"SMART" drug delivery systems: double-targeted pH-responsive pharmaceutical nanocarriers

Abstract

To develop targeted pharmaceutical carriers additionally capable of responding to certain local stimuli, such as decreased pH values in tumors or infarcts, targeted long-circulating PEGylated liposomes and PEG-phosphatidylethanolamine (PEG-PE)-based micelles have been prepared with several functions. First, they are capable of targeting a specific cell or organ by attaching the monoclonal antimyosin antibody 2G4 to their surface via pNP-PEG-PE moieties. Second, these liposomes and micelles were additionally modified with biotin or TAT peptide (TATp) moieties attached to the surface of the nanocarrier by using biotin-PE or TATp-PE or TATp-short PEG-PE derivatives. PEG-PE used for liposome surface modification or for micelle preparation was made degradable by inserting the pH-sensitive hydrazone bond between PEG and PE (PEG-Hz-PE). Under normal pH values, biotin and TATp functions on the surface of nanocarriers were "shielded" by long protecting PEG chains (pH-degradable PEG(2000)-PE or PEG(5000)-PE) or by even longer pNP-PEG-PE moieties used to attach antibodies to the nanocarrier (non-pH-degradable PEG(3400)-PE or PEG(5000)-PE). At pH 7.4-8.0, both liposomes and micelles demonstrated high specific binding with 2G4 antibody substrate, myosin, but very limited binding on an avidin column (biotin-containing nanocarriers) or internalization by NIH/3T3 or U-87 cells (TATp-containing nanocarriers). However, upon brief incubation (15-30 min) at lower pH values (pH 5.0-6.0), nanocarriers lost their protective PEG shell because of acidic hydrolysis of PEG-Hz-PE and acquired the ability to become strongly retained on an avidin column (biotin-containing nanocarriers) or effectively internalized by cells via TATp moieties (TATp-containing nanocarriers). We consider this result as the first step in the development of multifunctional stimuli-sensitive pharmaceutical nanocarriers.

Figure 1

Interaction of the multifunctional pH-responsive pharmaceutical nanocarrier with the target cell.
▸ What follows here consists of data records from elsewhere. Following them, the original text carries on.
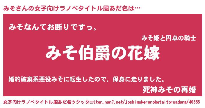 | 男性向けラノベタイトル風あだ名 | 『うちの娘の為ならば、俺はもしかしたらみそも倒せるかもしれない。』 |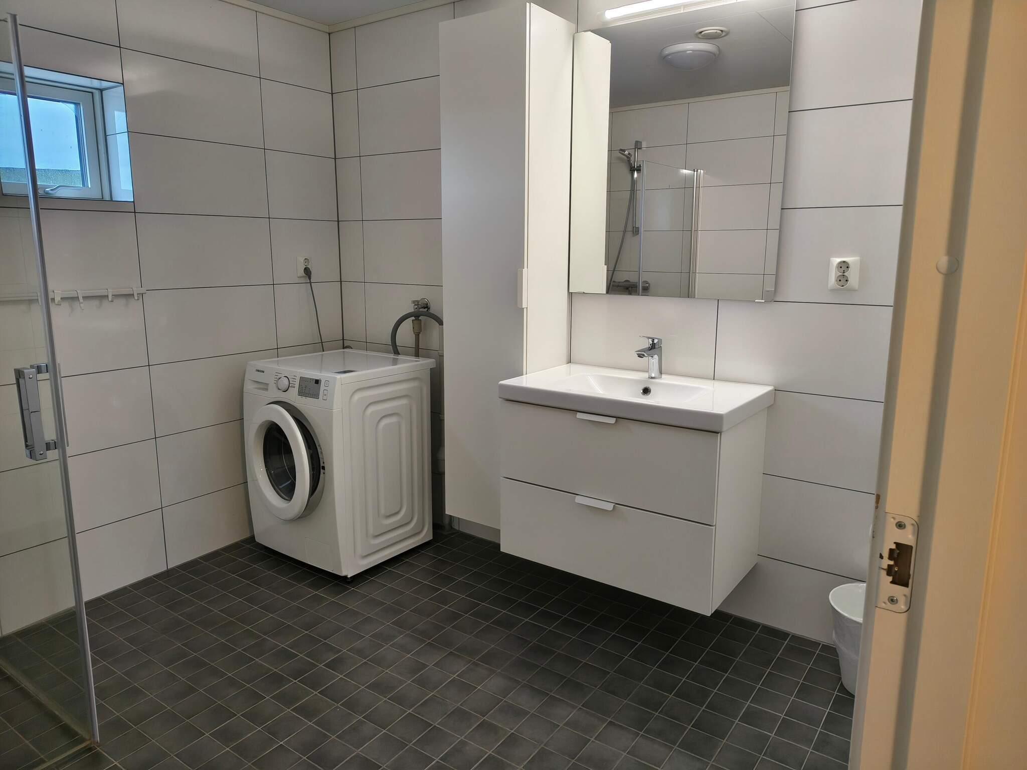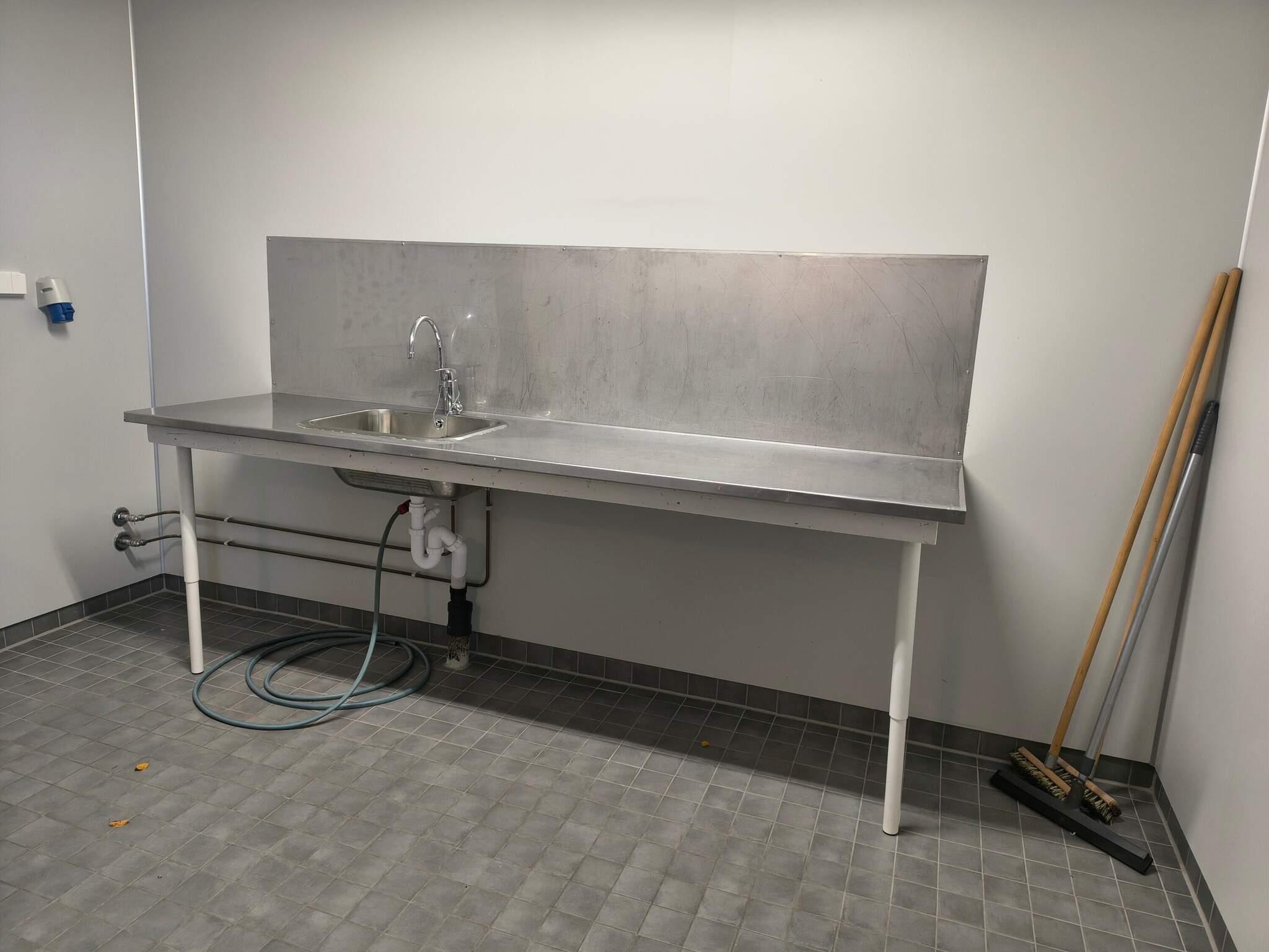 Praktischer Hauswirtschaftsraum unten mit viel Platz, auch zum Filetieren von Fisch sowie Staukapazität für Angelausrüstung, trocknende Kleidung etc.
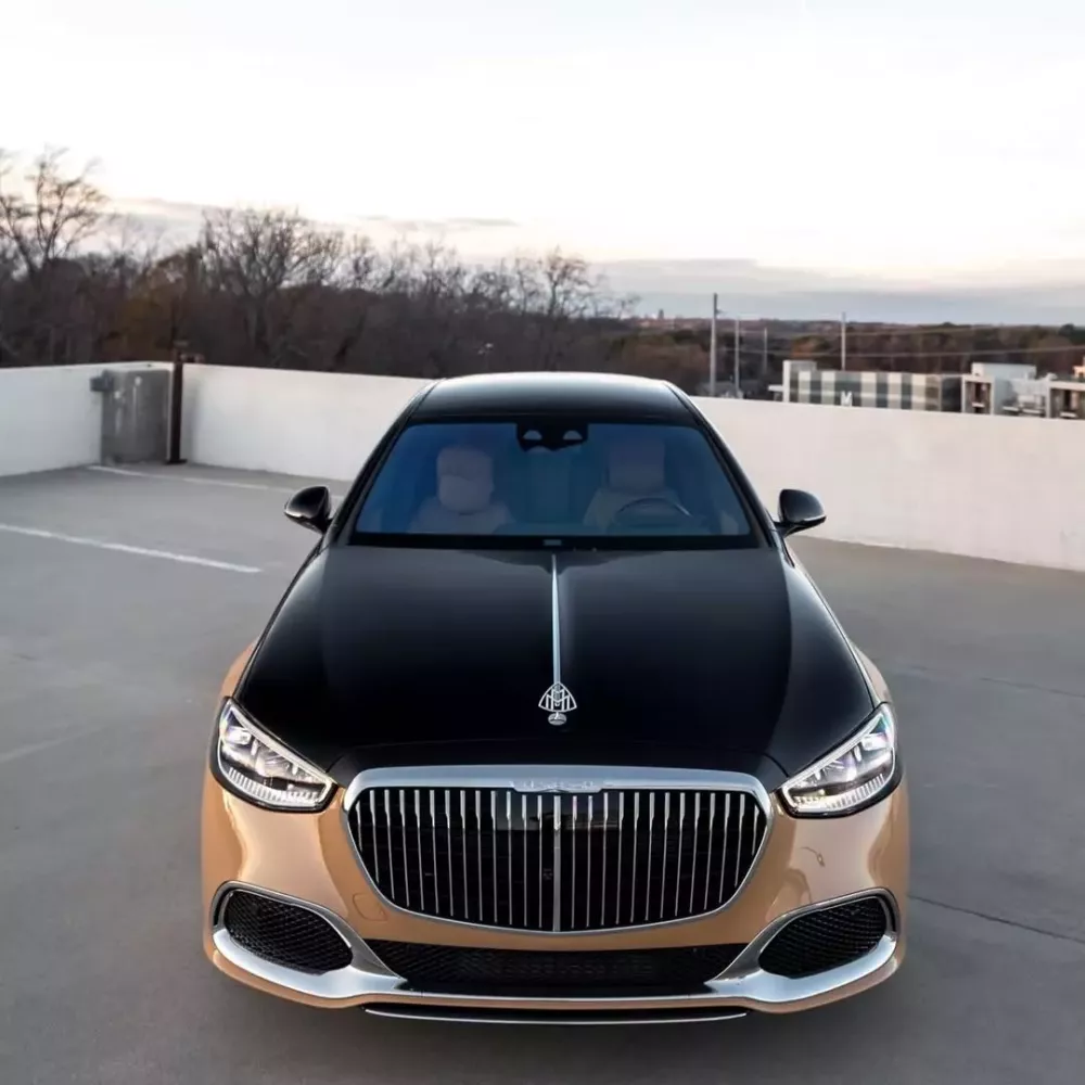 This special Mercedes-Maybach S680 features the signature Maybach wheels, with a light brown lower body, including the wheels, and a black upper body, separated by a subtle trim line.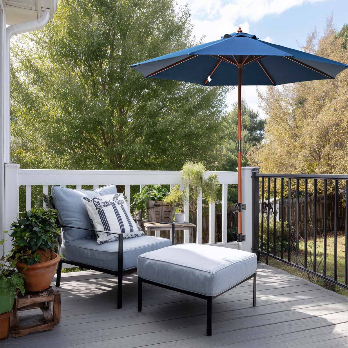 - Heavy-duty Steel Construction - Crafted by sturdy powder-coated steel for rust resistance, this umbrella holder for deck railing is tough enough to withstand outdoor elements, ensuring long-lasting deck shade solutions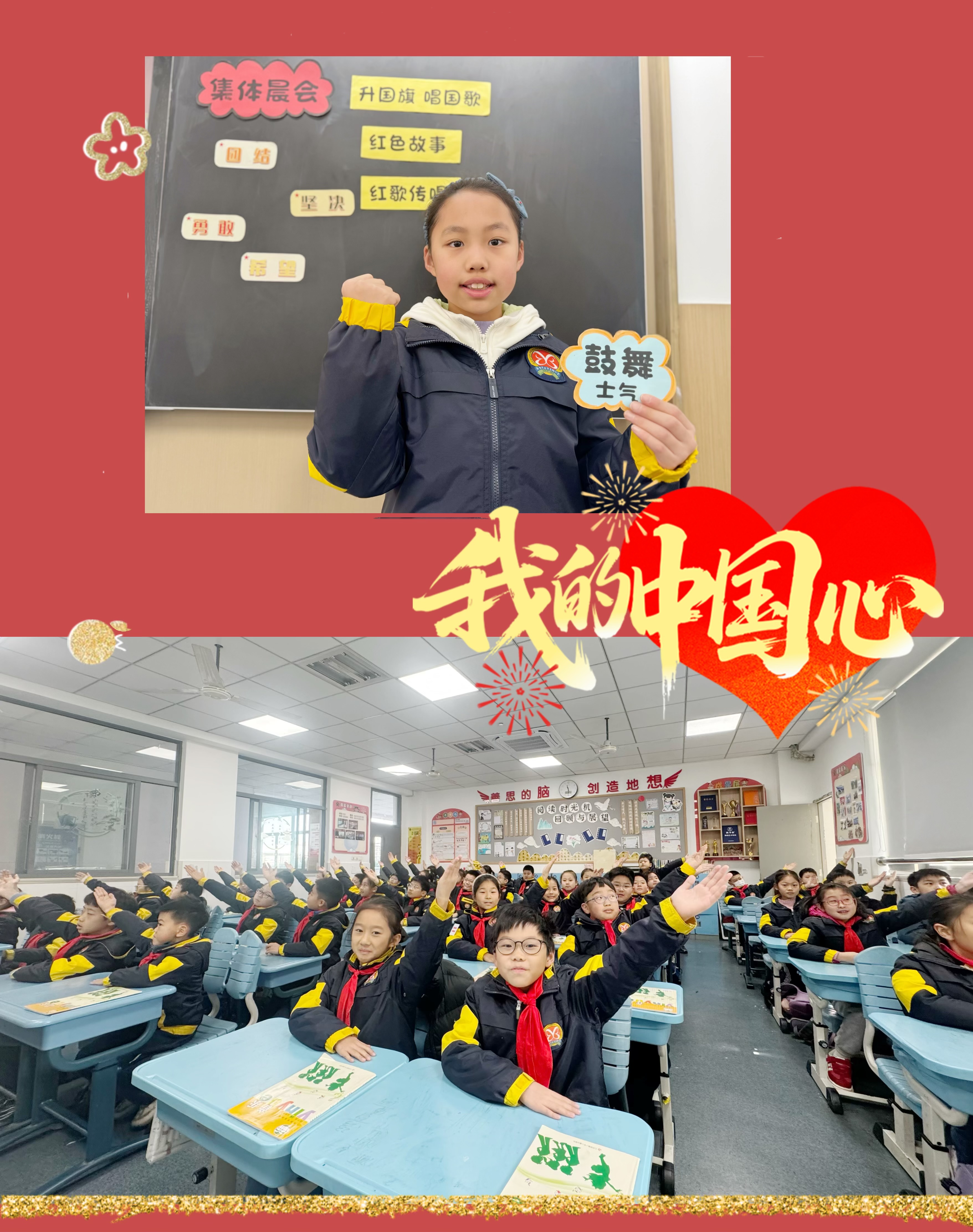 “红星闪闪放光彩,红星灿灿暖胸怀。”听,红歌的旋律激昂回荡。同学们昂首挺胸,精神饱满,用嘹亮的歌声传递着爱国情怀,童心向党唱红歌,红色精神在歌声中代代相传。
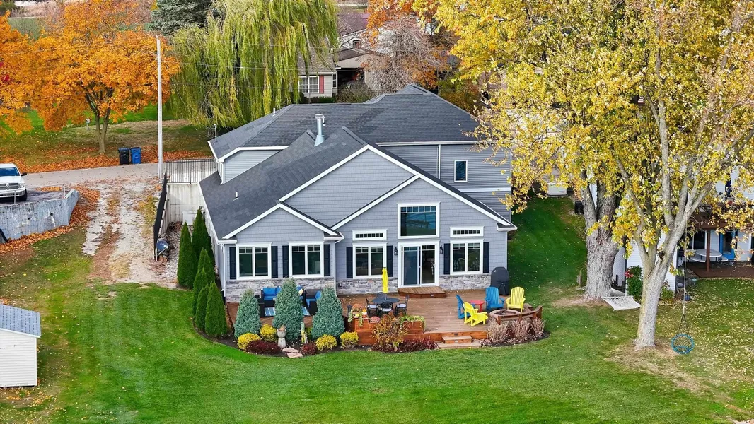Experience lakeside living at its finest on beautiful Big Long Lake! This stunning 4-bedroom, 4-bath home sits on the shores of a 365-acre all-sports lake in LaGrange County—perfect for boating, swimming, and year-round enjoyment. Completely taken down to the studs and fully remodeled in 2017, this home combines modern comfort with timeless lake charm. The spacious open-concept living area features a beautiful fireplace, creating a cozy atmosphere ideal for relaxation or entertaining guests. With plenty of sleeping space, there’s room for everyone to enjoy lake life together. A main-level office offers the perfect spot for remote work or quiet retreat. Step outside to a level lakefront lot with breathtaking views, a large deck, and a built-in fire pit—perfect for evenings by the water. Whether you’re looking for a weekend getaway or a year-round home, this property offers the perfect blend of comfort, style, and waterfront fun!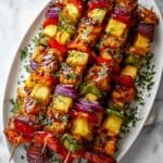 These Homemade Hawaiian Chicken Kabobs bring a perfect balance of sweet and savory flavors with tender marinated chicken breasts, colorful bell peppers, juicy pineapple chunks, and red onion, all grilled to perfection. The marinade combines a flavorful mix of ketchup, soy sauce, brown sugar, pineapple juice, sesame oil, ginger, garlic, and spices for a tropical-inspired feast ideal for summer cookouts or any casual meal.

Local stimuli-dependent removal of protecting PEG chains or mAb-PEG moieties allows for the direct interaction of the CPP moiety with the cell membrane.

Figure 2

Schematic for the design of the multifunctional DDS used in this study that includes pH-cleavable PEG-Hz-PE (a), temporarily “shielded” biotin or TATp (b), and monoclonal antibody (c) attached to the surface of DDS via pH-non-cleavable spacer.

Figure 3

Schematic description of the conjugation reaction.

Figure 4

HPLC analysis of the pH-sensitive mPEG₂₀₀₀-Hz-PE micelles after incubation in pH 8.0 (A) and after incubation in pH 5 (B) at room temperature.

Figure 5

Binding of antimyosin mAb 2G4-PEG₂₀₀₀-Hz-PE-immunomicelles to a monolayer of dog cardiac myosin in comparison to the native mAb 2G4 at corresponding pH values.

Figure 6

Binding of pH-sensitive biotin-micelles to NeutrAvidin columns after 15 min incubation at room temperature at pH 8.0 (a) and at pH 5.0 (b).

Figure 7

Fluorescence microscopy showing internalization of Rh-PE-labeled-TATp containing micelles by NIH 3T3 fibroblast cells after incubating micelles at pH 8.0 (A) and pH 5.0 (B) for 30 min.

Figure 8

Fluorescence microscopy showing internalization of Rh-PE-labeled-TATp containing liposomes by U-87 MG astrocytoma cells using: PEG-free TATp-liposomes (A); 9 % mol pH-non-cleavable PEG-PE at pH 7.4 (B); 18 % mol pH-non-cleavable PEG-PE at pH 7.4 (C); 9 % mol pH-cleavable PEG-Hz-PE after incubation at pH 5.0 for 20 min (D)^§, 18 % mol pH-cleavable PEG-Hz-PE after incubation at pH 5.0 for 20 min (E)^{§. §}The pH of these formulations was raised back to pH 7.4 after their incubation at pH 5.0 and prior to incubation with cells.